# Adiabatic Process

An adiabatic process is a thermodynamic process in which there is no heat exchange between a system and its surroundings. The system is thermally isolated. The process is carried out so rapidly that heat exchange is impossible within a short period ^{[1– 4]}.

## Examples ^{[1,2,6]}

- In a pneumatic tire, heat is generated rapidly when the gas is compressed.
- Vertical airflow in the atmosphere – Hot air rises and rapidly cools down
- Expansion and contraction of interstellar gas
- Certain parts of the Carnot engine and Diesel engine are adiabatic.
- Gas turbines operating on the Otto cycle and Brayton cycle use adiabatic processes.
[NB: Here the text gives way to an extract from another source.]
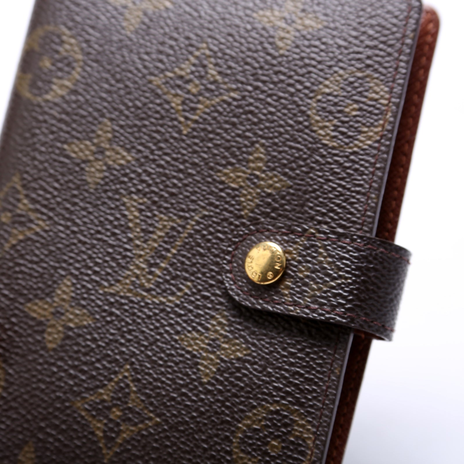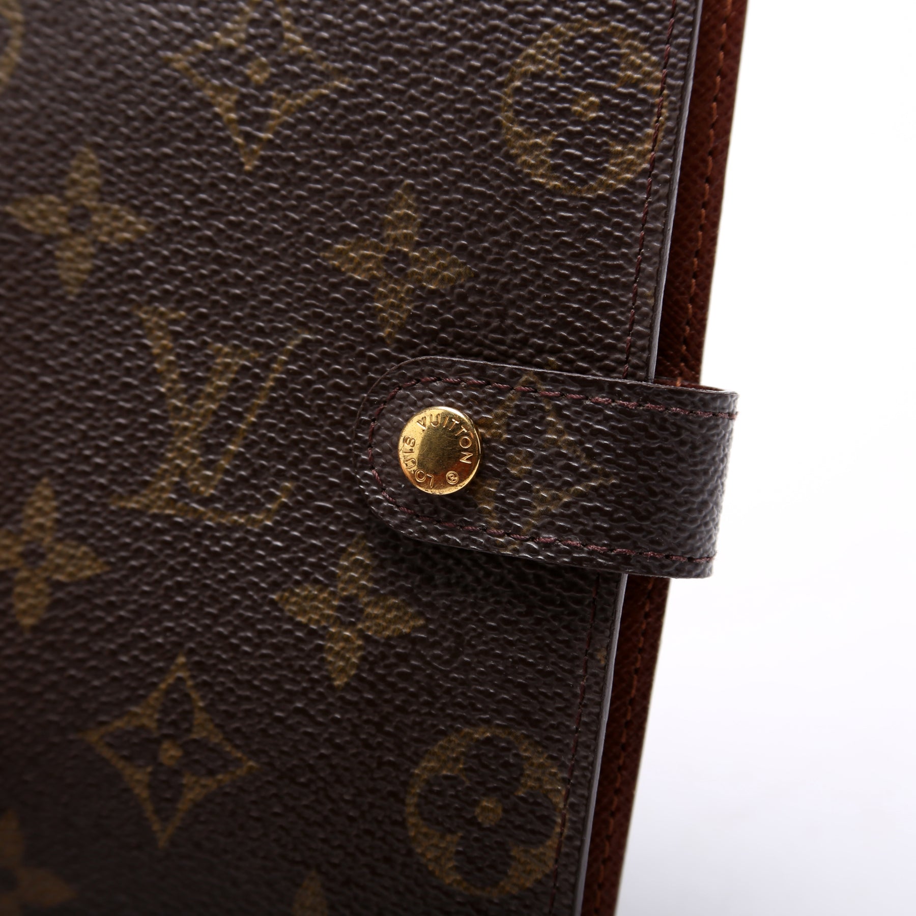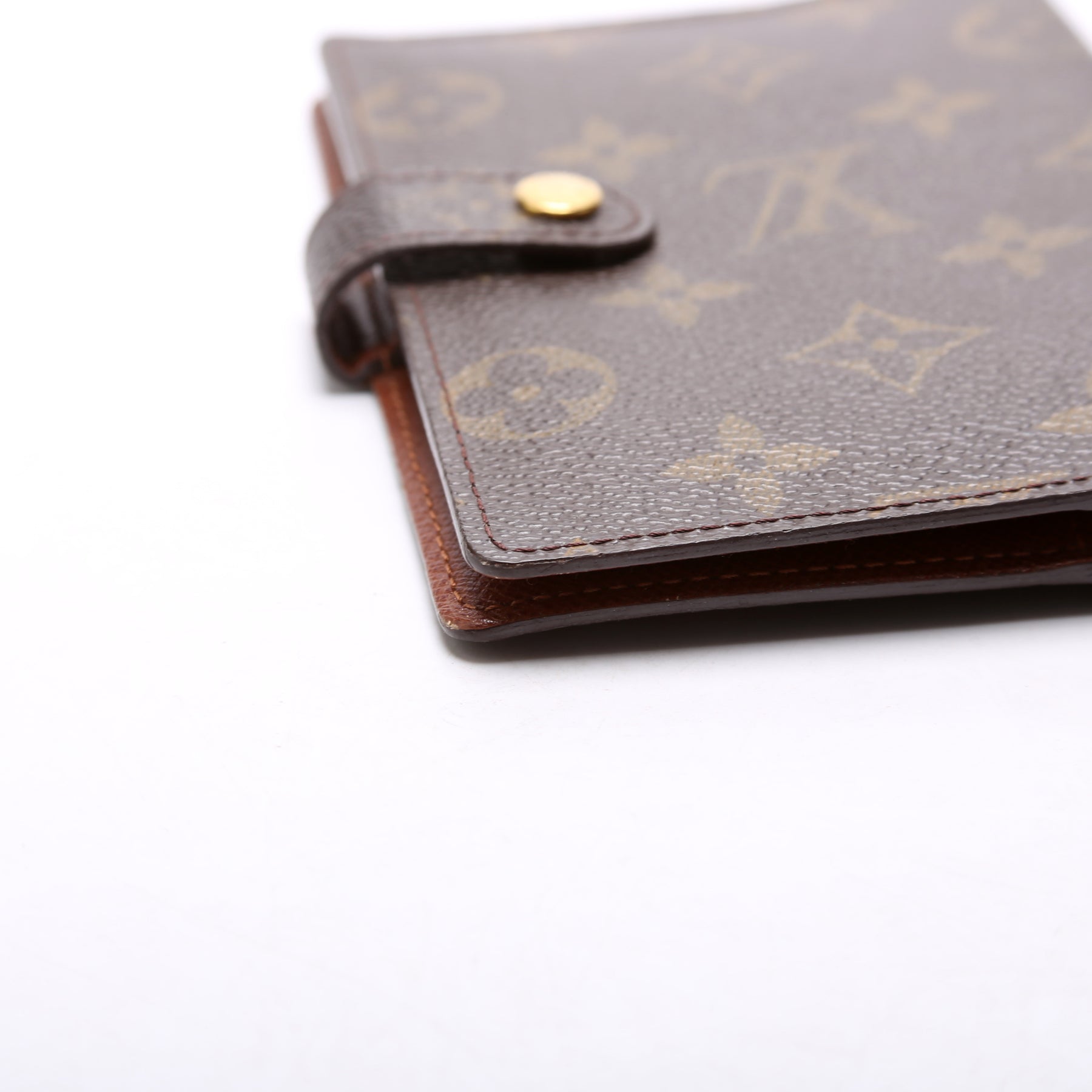 This pre-owned Louis Vuitton Agenda Small Ring is guaranteed 100% authentic. The exterior is in the classic Monogram coated canvas.

## Adiabatic Process, First Law of Thermodynamics, and Enthalpy Change

The first law of thermodynamics establishes a relationship between the internal energy (ΔU) of a system, heat transfer (Q), and work done (W). The following equation represents the first law ^{[4]}.

ΔU = Q – W

Since there is no exchange of heat, Q = 0, and the work done is given by

W = – ΔU

It means that if a system does work, energy leaves the system. The work done equals the internal energy change.

The opposite also holds correct. If the surrounding does work on the system, energy enters the latter.

W = ΔU

The first law of thermodynamics in terms of enthalpy change is given by

ΔH = ΔQ + VΔP

For an adiabatic process

ΔH = VΔP

Therefore, the enthalpy change is equal to the flow process work done by the system. This equation applies to open-flow systems like a turbine or pump.

## Adiabatic Expansion and Compression

When a gas is expanded adiabatically, its pressure decreases while its volume increases. It results in a decrease in temperature, a process known as adiabatic cooling. When a gas is compressed adiabatically, its pressure increases, and the volume decreases. As a result, the temperature rises, resulting in a phenomenon known as adiabatic heating ^{[1,3]}.

Based on the pressure, volume, and temperature variations, let us study a few equations that govern the adiabatic process.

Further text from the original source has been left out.